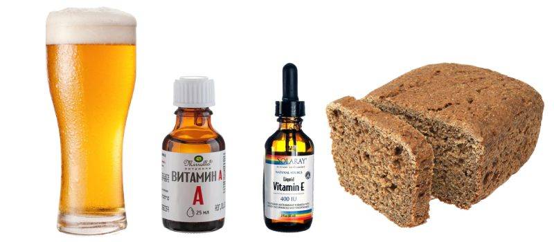 Рецепт приготовления: хлебные ломтики покрошить в керамическую миску. В эмалированной посуде слегка подогреть пиво и залить им хлеб. Когда он размякнет, с помощью вилки размять его в однородную массу. Влить в кашицу витаминные масла и перемешать. Смесью вначале густо промазать корни, легонько массируя кожу. Затем распределить остатки на локоны. Оставить на 45 минут. Смыть очень тщательно, чтобы на волосах ничего не осталось.
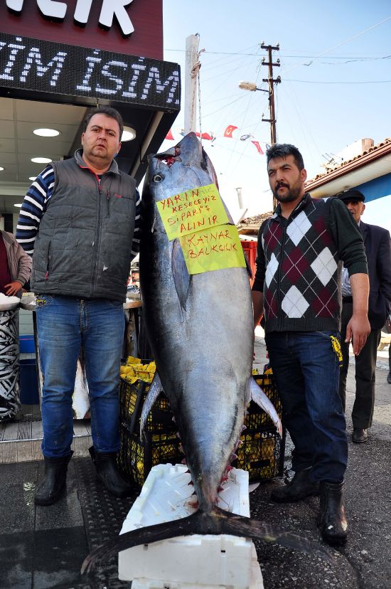 Orkinos balığının etinin lezzetli ve fiyatının uygun olduğunu ifade eden Kaynar, "Bu balıkların ağırlığı bir tona kadar ulaşabiliyor. Kılçıksız bir balıktır, orta kemiği vardır. Eti lezzetlidir. Fırında veya tavada pişirilmesi gerekiyor." dedi.
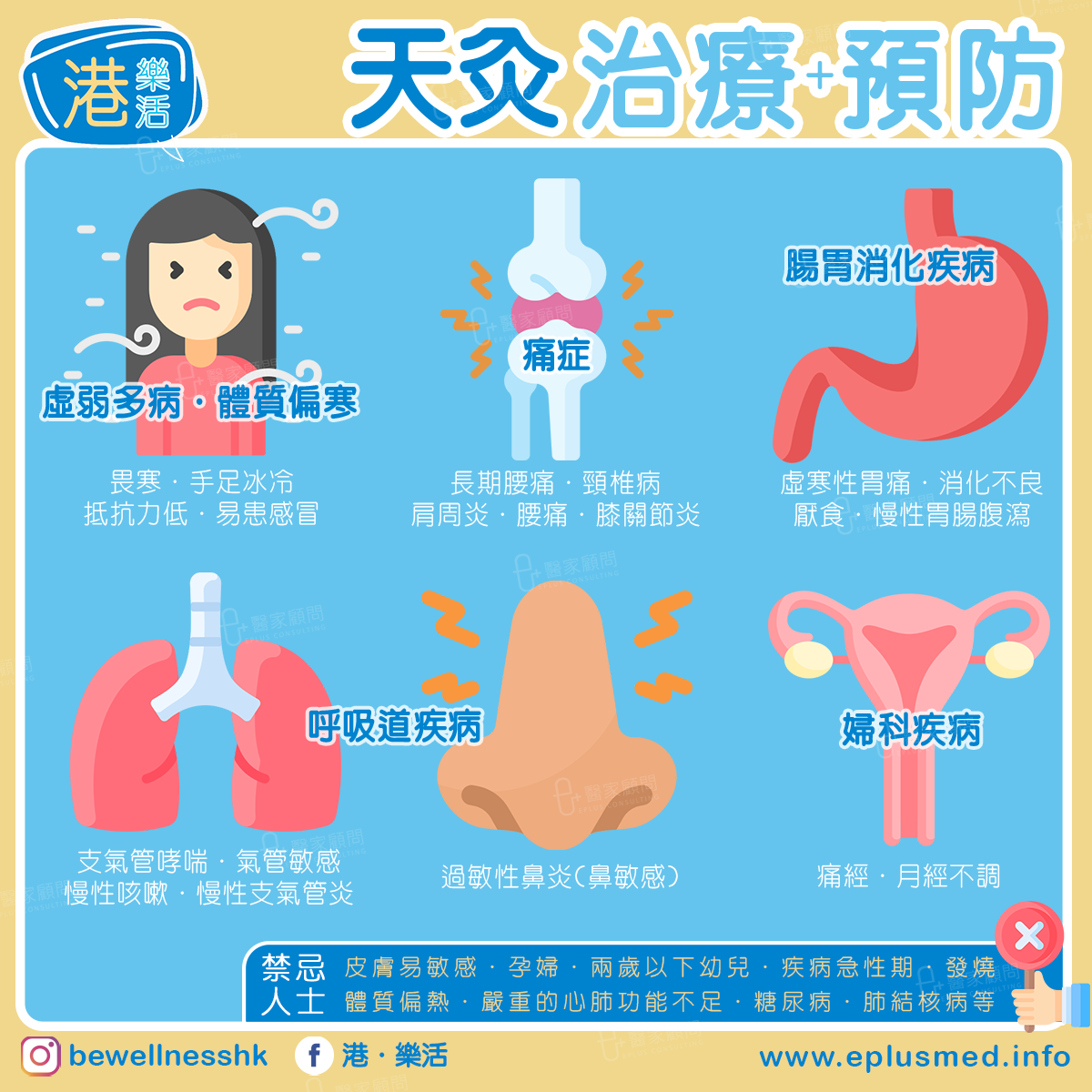香港人工時長、工作壓力大,不時都有消化不良、腰頸背痛、傷風感冒、鼻敏感等小毛病。在中醫保健療法中,中醫認為「天灸」有助治療呼吸道及腸胃消化系統等疾病。天灸療法是中醫針灸學中「灸法」的其中一種,又稱藥物灸。
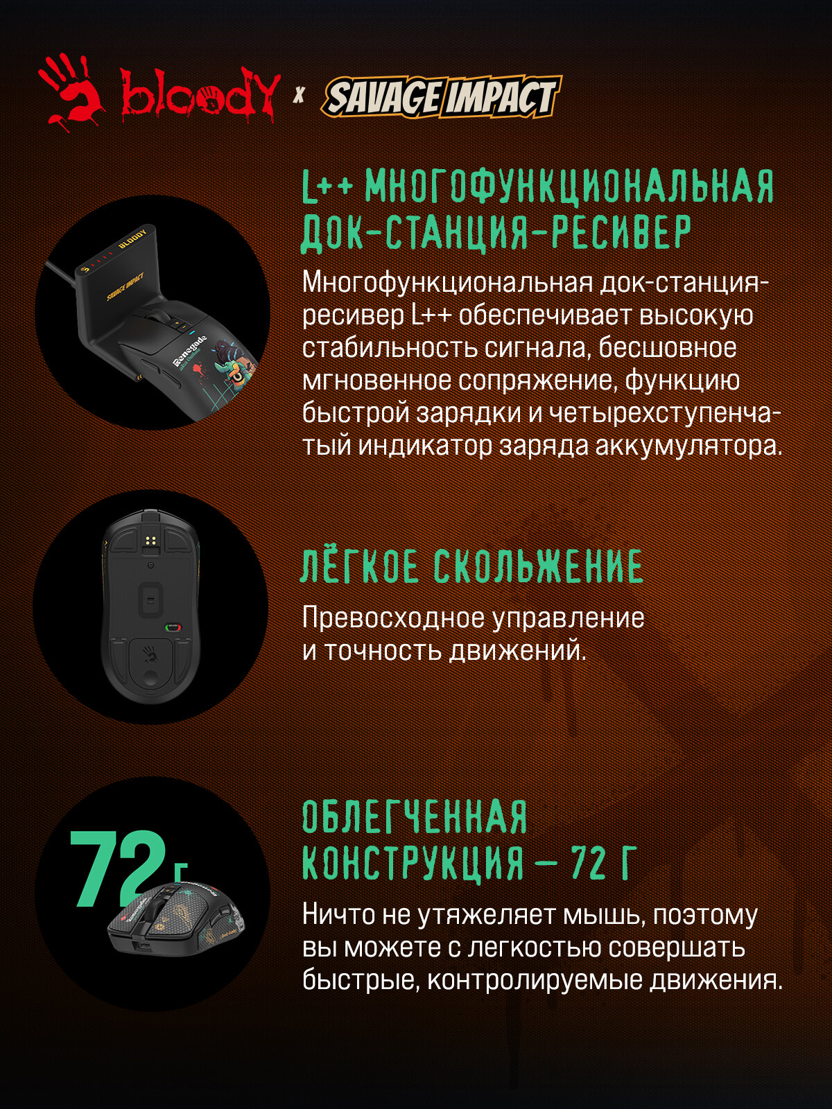 Забудьте о задержках и ограничениях, присущих проводным решениям. A4Tech Bloody R72 Ultra Duo обеспечивает мгновенный отклик и превосходную свободу движений, позволяя полностью погрузиться в игровой процесс. Беспроводное соединение по USB гарантирует стабильную и надежную связь, а продуманная эргономика обеспечивает комфорт даже во время самых продолжительных игровых сессий.
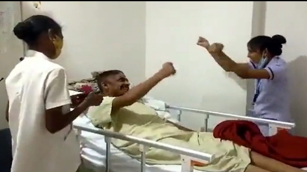 নিমিষেই ভাইরাল হয়ে যায় ভিডিওটি। নন্দিনী ভেঙ্কট নামে এক ব্যক্তি ভিডিওটি প্রথম শেয়ার করেন। ভিডিওতে দেখা যাচ্ছে, রোগীর সামনে প্রথমে নিজে নাচতে শুরু করেন একজন নার্স। তা দেখে উৎসাহিত হয়ে এক হাত তুলে নাচার চেষ্টা করেন ওই রোগী।

> WORK TASK
Repeat the lines above, starting at the first and stopping after the line that holds "香港人工時長、工作壓力大,不", with the pictures left out.

> WRITTEN RESPONSE
 Рецепт приготовления: хлебные ломтики покрошить в керамическую миску. В эмалированной посуде слегка подогреть пиво и залить им хлеб. Когда он размякнет, с помощью вилки размять его в однородную массу. Влить в кашицу витаминные масла и перемешать. Смесью вначале густо промазать корни, легонько массируя кожу. Затем распределить остатки на локоны. Оставить на 45 минут. Смыть очень тщательно, чтобы на волосах ничего не осталось.
 Orkinos balığının etinin lezzetli ve fiyatının uygun olduğunu ifade eden Kaynar, "Bu balıkların ağırlığı bir tona kadar ulaşabiliyor. Kılçıksız bir balıktır, orta kemiği vardır. Eti lezzetlidir. Fırında veya tavada pişirilmesi gerekiyor." dedi.
香港人工時長、工作壓力大,不時都有消化不良、腰頸背痛、傷風感冒、鼻敏感等小毛病。在中醫保健療法中,中醫認為「天灸」有助治療呼吸道及腸胃消化系統等疾病。天灸療法是中醫針灸學中「灸法」的其中一種,又稱藥物灸。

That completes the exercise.